• [Work required]
Return every line from the one with "MEIFAN длинная синтетическая" through the one with "QE 1953 CORONATION", inclusive, exactly as it appears below.

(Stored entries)
++++++++++++++++++++

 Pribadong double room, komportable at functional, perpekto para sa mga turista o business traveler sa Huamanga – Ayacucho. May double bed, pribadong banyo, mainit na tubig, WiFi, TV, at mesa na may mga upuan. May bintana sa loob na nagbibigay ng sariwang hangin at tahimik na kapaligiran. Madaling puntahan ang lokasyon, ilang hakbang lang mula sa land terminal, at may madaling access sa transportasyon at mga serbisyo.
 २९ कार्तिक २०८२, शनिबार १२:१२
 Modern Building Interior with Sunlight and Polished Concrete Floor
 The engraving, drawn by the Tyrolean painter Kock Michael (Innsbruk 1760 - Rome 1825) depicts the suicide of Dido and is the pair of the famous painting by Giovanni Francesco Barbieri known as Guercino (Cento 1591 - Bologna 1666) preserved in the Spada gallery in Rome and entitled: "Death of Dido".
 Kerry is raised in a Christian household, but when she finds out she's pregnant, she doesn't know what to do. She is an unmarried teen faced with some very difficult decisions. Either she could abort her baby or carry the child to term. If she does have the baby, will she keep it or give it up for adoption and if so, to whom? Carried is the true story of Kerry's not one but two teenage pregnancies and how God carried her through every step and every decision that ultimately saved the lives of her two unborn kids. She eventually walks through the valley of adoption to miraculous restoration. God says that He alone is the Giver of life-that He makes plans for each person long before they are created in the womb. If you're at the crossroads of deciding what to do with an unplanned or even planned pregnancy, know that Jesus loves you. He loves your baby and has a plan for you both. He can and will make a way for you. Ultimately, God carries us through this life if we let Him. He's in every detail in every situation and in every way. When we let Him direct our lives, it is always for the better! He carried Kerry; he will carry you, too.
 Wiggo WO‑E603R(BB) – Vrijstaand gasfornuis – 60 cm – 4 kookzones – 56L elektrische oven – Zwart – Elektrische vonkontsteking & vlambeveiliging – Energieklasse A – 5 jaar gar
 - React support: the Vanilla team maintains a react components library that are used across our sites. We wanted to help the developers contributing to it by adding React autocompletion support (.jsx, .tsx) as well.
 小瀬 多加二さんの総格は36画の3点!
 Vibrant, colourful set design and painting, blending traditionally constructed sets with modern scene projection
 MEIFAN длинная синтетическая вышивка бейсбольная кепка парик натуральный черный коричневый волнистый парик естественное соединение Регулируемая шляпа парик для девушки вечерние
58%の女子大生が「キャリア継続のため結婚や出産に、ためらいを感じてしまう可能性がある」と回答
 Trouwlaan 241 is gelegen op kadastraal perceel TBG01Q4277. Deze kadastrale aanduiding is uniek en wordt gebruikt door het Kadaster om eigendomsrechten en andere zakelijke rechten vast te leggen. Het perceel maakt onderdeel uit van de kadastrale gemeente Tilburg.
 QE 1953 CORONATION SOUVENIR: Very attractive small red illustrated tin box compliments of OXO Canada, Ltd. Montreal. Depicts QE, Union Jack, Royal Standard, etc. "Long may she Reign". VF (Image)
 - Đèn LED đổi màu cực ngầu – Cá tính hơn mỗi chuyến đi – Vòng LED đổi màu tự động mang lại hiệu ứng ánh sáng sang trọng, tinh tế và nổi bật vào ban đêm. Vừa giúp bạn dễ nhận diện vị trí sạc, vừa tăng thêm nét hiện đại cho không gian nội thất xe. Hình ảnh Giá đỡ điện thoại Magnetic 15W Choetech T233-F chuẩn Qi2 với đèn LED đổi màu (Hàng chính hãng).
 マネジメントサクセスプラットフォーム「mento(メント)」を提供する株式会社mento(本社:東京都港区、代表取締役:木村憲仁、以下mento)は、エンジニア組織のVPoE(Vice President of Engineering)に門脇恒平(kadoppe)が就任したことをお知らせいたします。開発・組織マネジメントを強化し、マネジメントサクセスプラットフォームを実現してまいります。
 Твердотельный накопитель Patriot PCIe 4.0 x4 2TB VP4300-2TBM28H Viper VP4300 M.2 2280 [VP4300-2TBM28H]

++++++++++++++++++++

• [Response]
 MEIFAN длинная синтетическая вышивка бейсбольная кепка парик натуральный черный коричневый волнистый парик естественное соединение Регулируемая шляпа парик для девушки вечерние
58%の女子大生が「キャリア継続のため結婚や出産に、ためらいを感じてしまう可能性がある」と回答
 Trouwlaan 241 is gelegen op kadastraal perceel TBG01Q4277. Deze kadastrale aanduiding is uniek en wordt gebruikt door het Kadaster om eigendomsrechten en andere zakelijke rechten vast te leggen. Het perceel maakt onderdeel uit van de kadastrale gemeente Tilburg.
 QE 1953 CORONATION SOUVENIR: Very attractive small red illustrated tin box compliments of OXO Canada, Ltd. Montreal. Depicts QE, Union Jack, Royal Standard, etc. "Long may she Reign". VF (Image)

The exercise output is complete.